Start of Source data
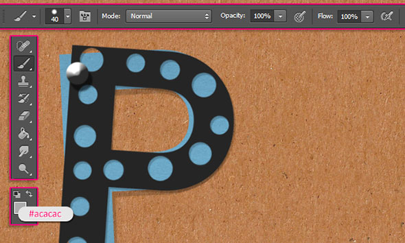 Возьмите инструмент Brush Tool/Кисть, выберите четкую круглую кисть размера примерно 40px (размер варьируется в зависимости от того, насколько большими вы хотите видеть заклепки). Укажите первый цвет #acacac. Просто кликайте по местам, где хотите поставить заклепку.
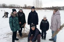 Чтобы помочь рыбам на озере "Пионерское", наши воспитанники из объединения "Школьное лесничество" вместе с работниками управления по охране животного мира и МЧС сделали лунки. С их помощью озеро обогатится кислородом, а значит мора рыбы не произойдет.А чтобы лунки не замерзли, в них ребята закладывали пучки рогоза. -
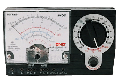 MF50型万用电表为磁电式整流系仪表,可供测量直流电流、直流电压、交流电压、电阻以及音频电平、晶体管放大系数hFE、负载电流L1、负载电压Lv、电容、电感等,适宜于电器、电子及无线电工程、业余无线电爱好者测量之用。
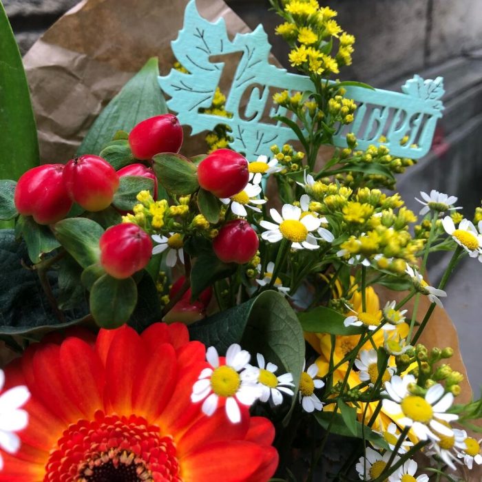 Гермини – 3 шт.Танацетум – 1 шт.Солидаго желтое – 1 шт.Рускус – 3 шт.Папоротник – 1 шт.Крафт упаковка – 1 шт.Лента атласная – 1 шт.
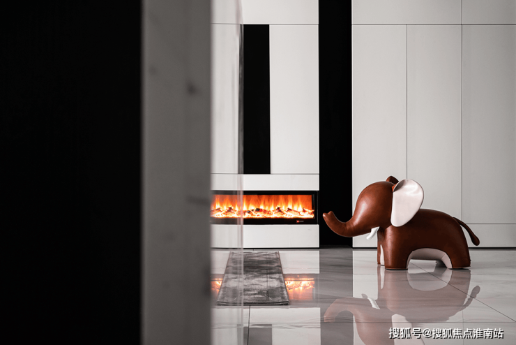 黑白配色的电视背景墙将壁炉纳入这块空间,使得本身冷色调的家瞬间温暖而治愈。
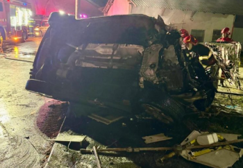 Tragedie în Găești: doi tineri de 18 și 19 ani au murit după ce mașina în care se aflau a intrat într-o clădire și a luat foc
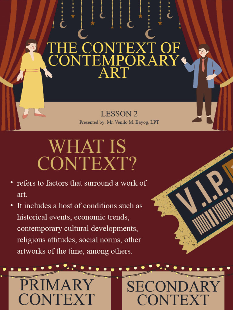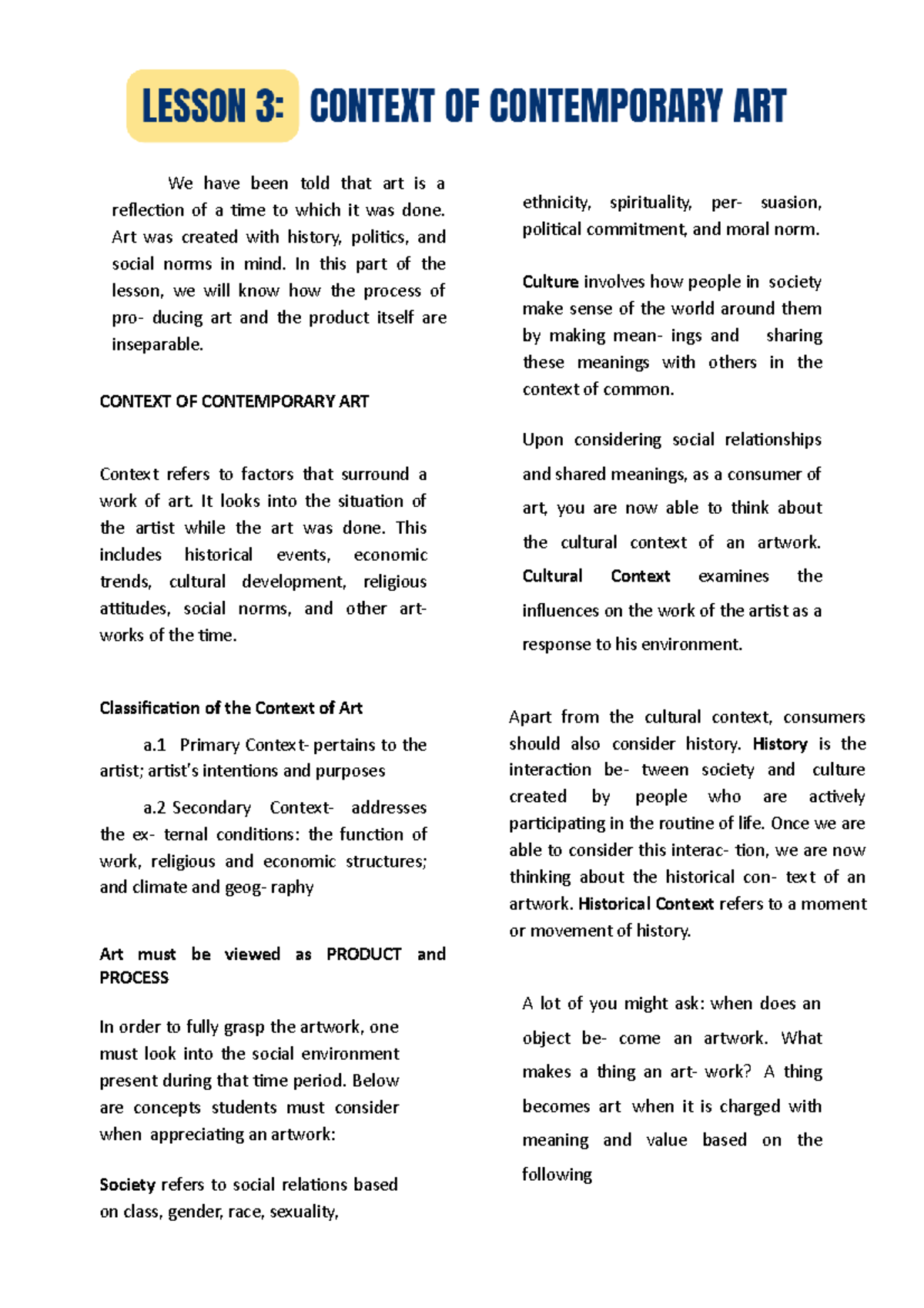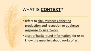 Contemporary Arts.pptx - LESSON 3: THE CONTEXT OF ART What is Context ...
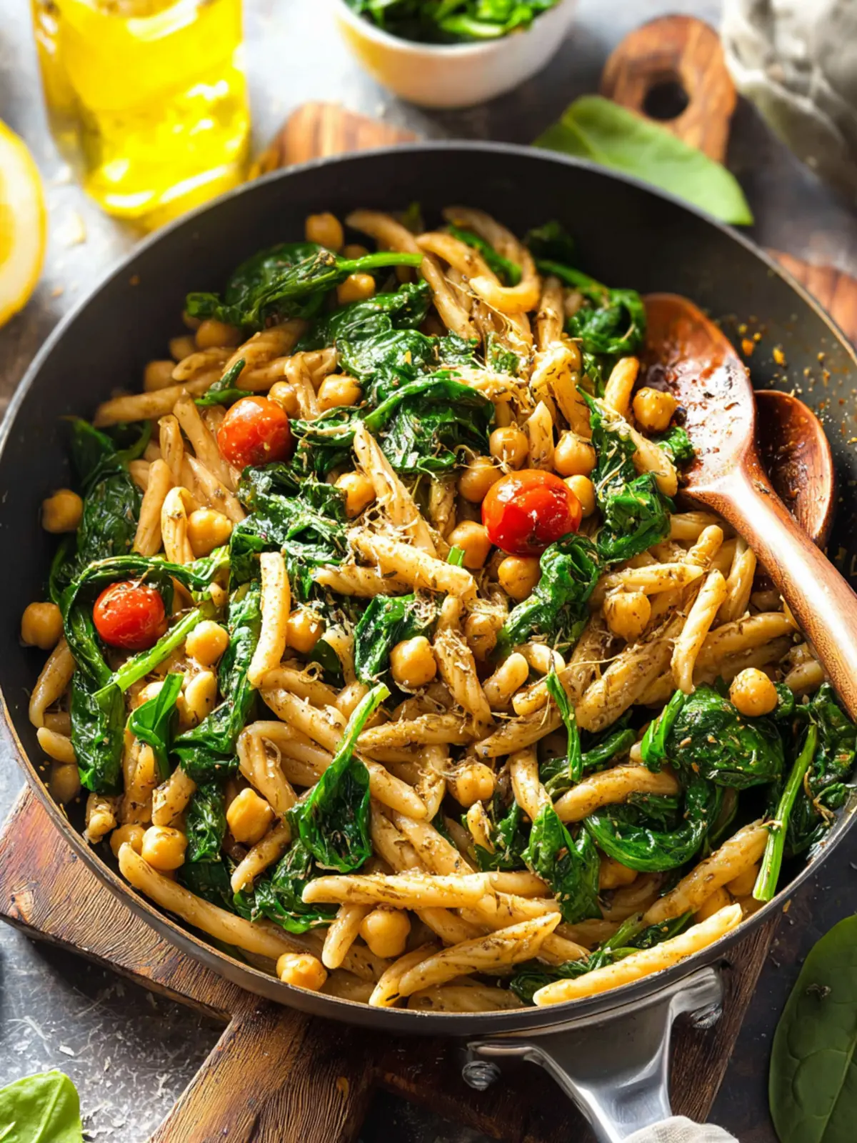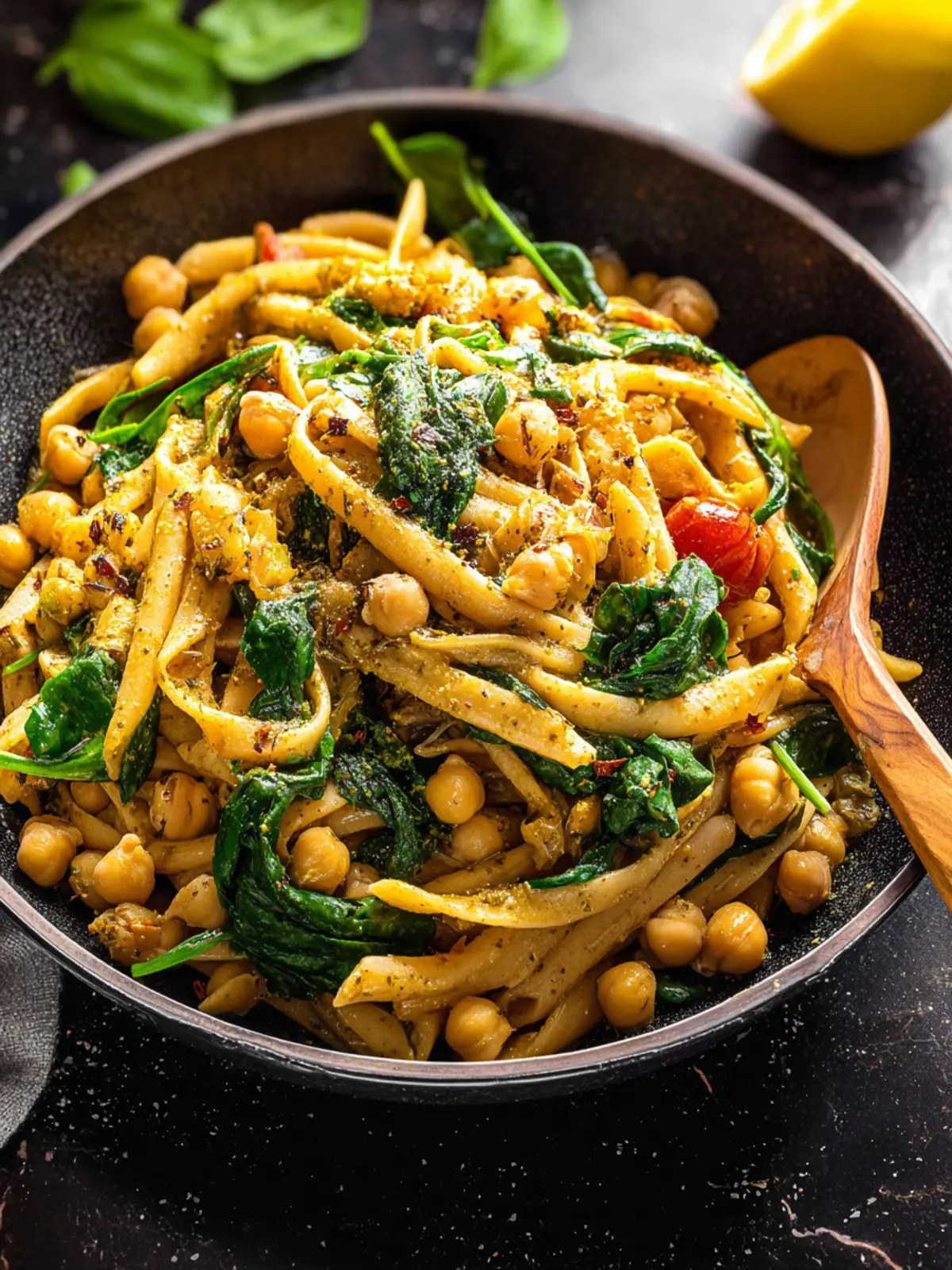 A flavorful chickpea pasta dish enriched with spinach, lemon, and za’atar spice.
End of Source data
What is required ▸
What the answer must hold is the exact text of every line from the one containing "Tragedie în Găești: doi" through the end of the data, minus any pictures.

Task result ▸
 Tragedie în Găești: doi tineri de 18 și 19 ani au murit după ce mașina în care se aflau a intrat într-o clădire și a luat foc
 Contemporary Arts.pptx - LESSON 3: THE CONTEXT OF ART What is Context ...
 A flavorful chickpea pasta dish enriched with spinach, lemon, and za’atar spice.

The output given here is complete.